* **Brief**: Reproduce, exactly and only, the lines of the data that follows from the one containing "This 8-bedroom holiday" down to the one containing "Ørestikker i sølv med grå Cat-Eye perler", without pictures.

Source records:
§ §

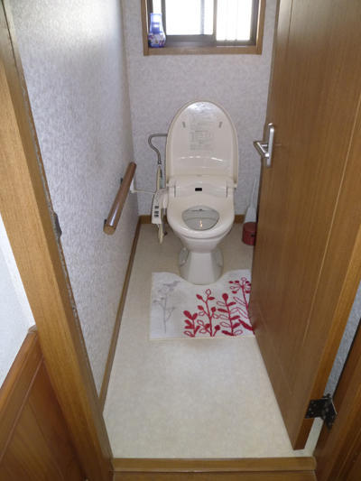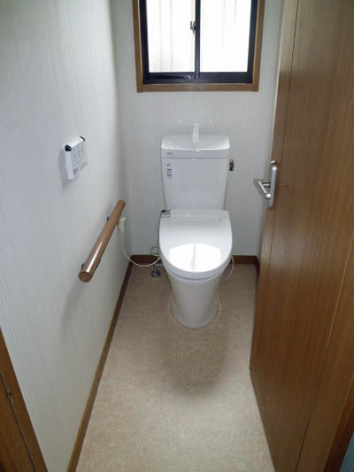 約20年使用したトイレを節水型トイレに交換しました。床のクッションフロアと壁のクロスも貼り替えた施工事例です。
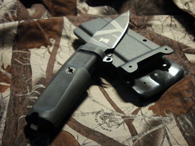 Ножны выполнены из ударопрочного полимера типа Kydex с многовариантным подвесом. Сейчас уже делают новый вариант ножен, с "закрытым" низом - но меня устраивает именно такой - вода стекает по лезвию и не задерживаясь в ножнах выходит наружу.
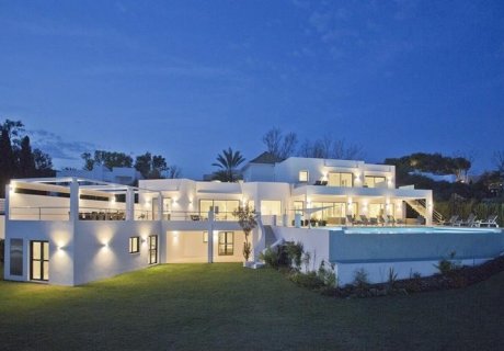 This 8-bedroom holiday villa in Las Chapas, Marbella features sea views, an infinity pool with pool bar and a basketball court for memorable group rentals.
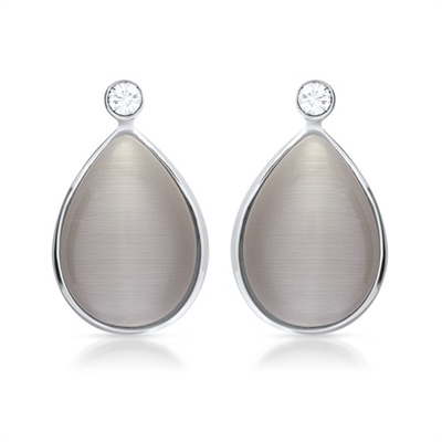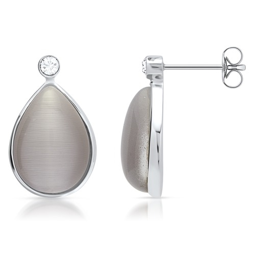 Ørestikker i sølv med grå Cat-Eye perler
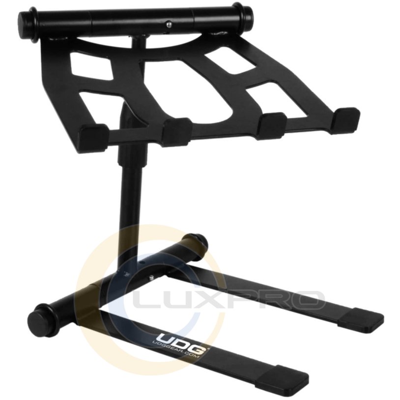 Стійка для ноутбука Ultimate Height Adjustable Laptop Stand Black оснащена регульованою по висоті телескопічною полицею для ноутбука, яка повертається на 360°, що добре підходить для мобільних ді-джеїв та електронних музикантів. Підставка може вмістити ноутбуки до 19 дюймів, а також iPad, планшети або різне обладнання, наприклад, контролери, мікшери або виробниче обладнання.
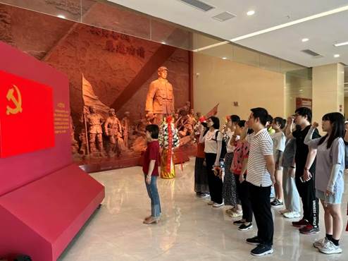 在王良同志纪念馆,本科生党支部书记金晶作为领誓人,带领全体党员,面向党旗,庄严重温入党誓词。
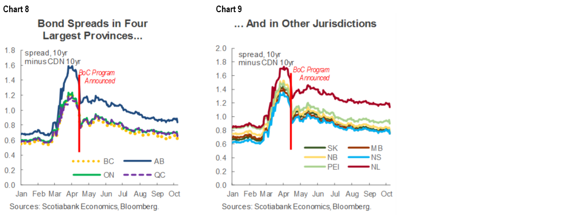 Bank of Canada purchases have played a role in restoring function initially, but relative attractiveness of offerings has also been a driving factor in market liquidity. The central bank has purchased around $10 bn in provincial bonds—of the $107 bn in total provincial bond issuance as of end-September—which is well-shy of the Bank’s $50 bn cap for its Provincial Bond Purchasing Program as market liquidity has been resilient.
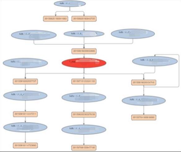 我们需要知道数据流是怎么样来的,比如上面的一个关系链中,入库任务对最顶层的 HDFS 数据做一些加工处理,处理之后把结果保存到入库表;分析人员基于这个入库表做各种计算和统计分析,比如统计某些指标,做关联性分析,这里配置了四个任务,这四个任务运行后产生新的结果表,其中还有两个结果表由下层的任务做进一步的处理,这样就产生了数据和任务的关系链。引入关系链模型,它能帮助我们理清楚数据和任务的关系。我们用椭圆描述数据,矩形描述对数据的加工,他们的连线表明访问数据的方向,是读还是写。这个关系可以用来指导我们的数据迁移,可以做到数据在哪里,计算就在哪里。
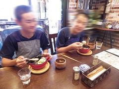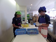 シャトレーゼ八山田店、癒しカフェふれあい での職場体験学習の様子です。
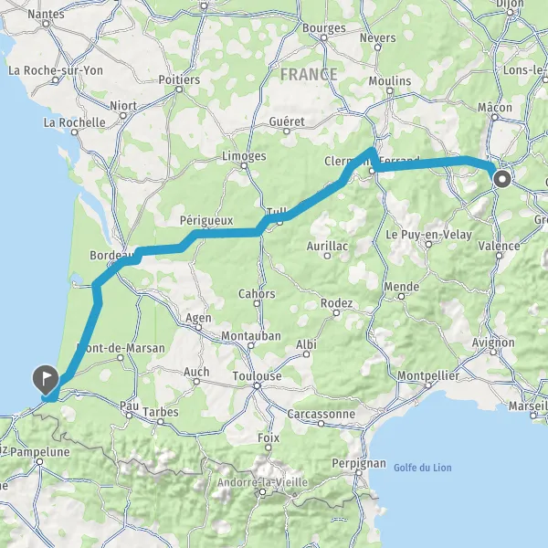 Prendre à droite et rejoindre A63. Continuer sur 183 kilomètres
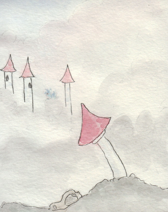 Not super happy with these clouds, though I do like the misty patches. It's satisfying to paint with empty spaces!
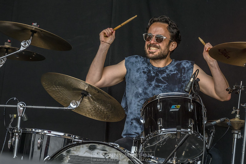 Motörhead, sadly all have departed. Standing tall Ward delivers this one and for a second, with eyes closed you could imagine it was Lemmy singing, eyes open and we have a missing Murder One, but the song, carries on full of Filthy Phil kick ass drumbeats scorching Fast Eddy Clarke guitar and Armstrong’s thundering bass. A great number and one that has the crowd bouncing in the afternoon sun. ‘Devils Whip’ from 2012’s ‘A Eulogy for The Damned’ continues the fierce bludgeoning. Sounding like something Lemmy may have penned. Guitarist Joe Hoare is riffing for his life, the sweat pouring from him as he throws down some evil, distorted licks as Ward laments gently to the crowd, not! ‘The Fog’ and set closer, ‘Red Tide Rising’ continue to piledrive the mountain top. Both these tracks are from their 2012 album ‘The Eulogy for The Damned’. Stoner layered riffs circle the crowd as Ward growls into the microphone set about eight feet above the crowd’s heads. His Lemmy style delivery continues through The Fog and into Red Tide Rising. Full of feed-back and distorted guitar and bass, Ward asks for the crowd to go fuckin’ crazy with this one, they’re ahead of him as the heads are nodding and fists and horns are flying, skyward. The band conclude with thanks to everyone for listening to them. What a set, explosive from the get-go, it was relentless to the very end, stupendous, I think I’ve just found another great live band to add to my already jam-packed collection.
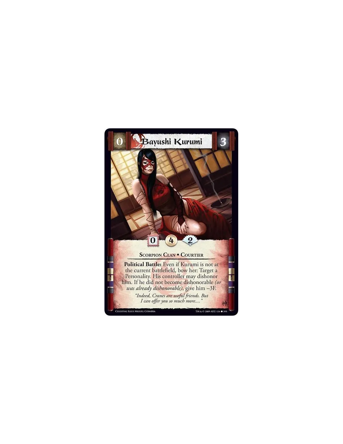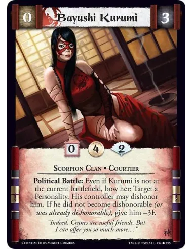 Scorpion Clan • Courtier Political Battle: Even if Kurumi is not at the current battlefield, bow her: Target a Personality. His controller may dishonour him. If he did not become dishonorable (or was already dishonorable), give him -3F.

§ §

* **Result of the exercise**:
 This 8-bedroom holiday villa in Las Chapas, Marbella features sea views, an infinity pool with pool bar and a basketball court for memorable group rentals.
 Ørestikker i sølv med grå Cat-Eye perler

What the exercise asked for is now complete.